Our objective is to implement certain automated data analysis procedures capable of running analysis for all the PV plants under management. This is done to further develop machine-learning-based decision-making and automated processes, which help us to constantly improve our services for our clients.
“No doubt, that AI will become a key component going forward, as it offers exceptional solutions for the main challenges when operating and maintaining solar assets. We are seeing in our day to day application of AI a high accuracy of the data analysis as well as efficiency in deploying the AI applications.” says Sebastian Nieding, Head of Technical Operations of ENcome Group.
One of ENcome’s approaches in using AI, is focussing on orientation detection: Orientation detection categorizes strings and inverters in a variety of clusters. Thus, alarm handling and monitoring processes are becoming more precise and case-sensitive. This can bridge the gap between actual monitoring data and the lack of accurate as-built documents. Overall, the results of the analysis show high accuracy, of course depending on the number of existing orientations and the quality of data.

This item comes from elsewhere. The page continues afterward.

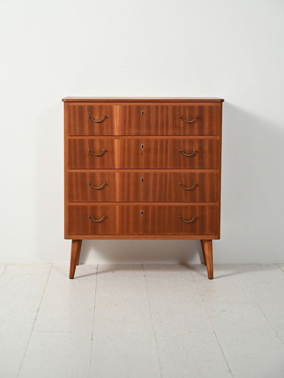 Cassettiera nordica in mogano dalle linee pulite, gambe affusolate e classiche maniglie in ottone.
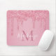 Girly Pink Sparkle Glitter Drips Monograma Mouse Pad com pingos brilhantes cor-de-rosa pincelados e seu monograma e nome personalizados. Projetado por Cedar e String. Para personalizar ainda mais, clique no link "personalizar mais" e use a ferramenta design para modificar o design. Se precisar de assistência ou itens correspondentes, entre em contato conosco.

Another machine-learning approach refers to partial shading detection. Taking advantage of clustering methods, ENcome can detect partially shaded strings with high accuracy. As our claim slogan says EVERY WATT COUNTS, any shaded string can reduce production efficiency. Therefore, ENcome is firmly committed to find and offer solutions to further increase the output of our client’s solar assets.
The ENcome Group is a leading independent service provider for the technical operation of photovoltaic power plants and the offering of respective engineering and advisory services. In managing and planning the power plants entrusted, the service of the ENcome Group focuses on maximizing short-term availability, production performance as well as long-term value.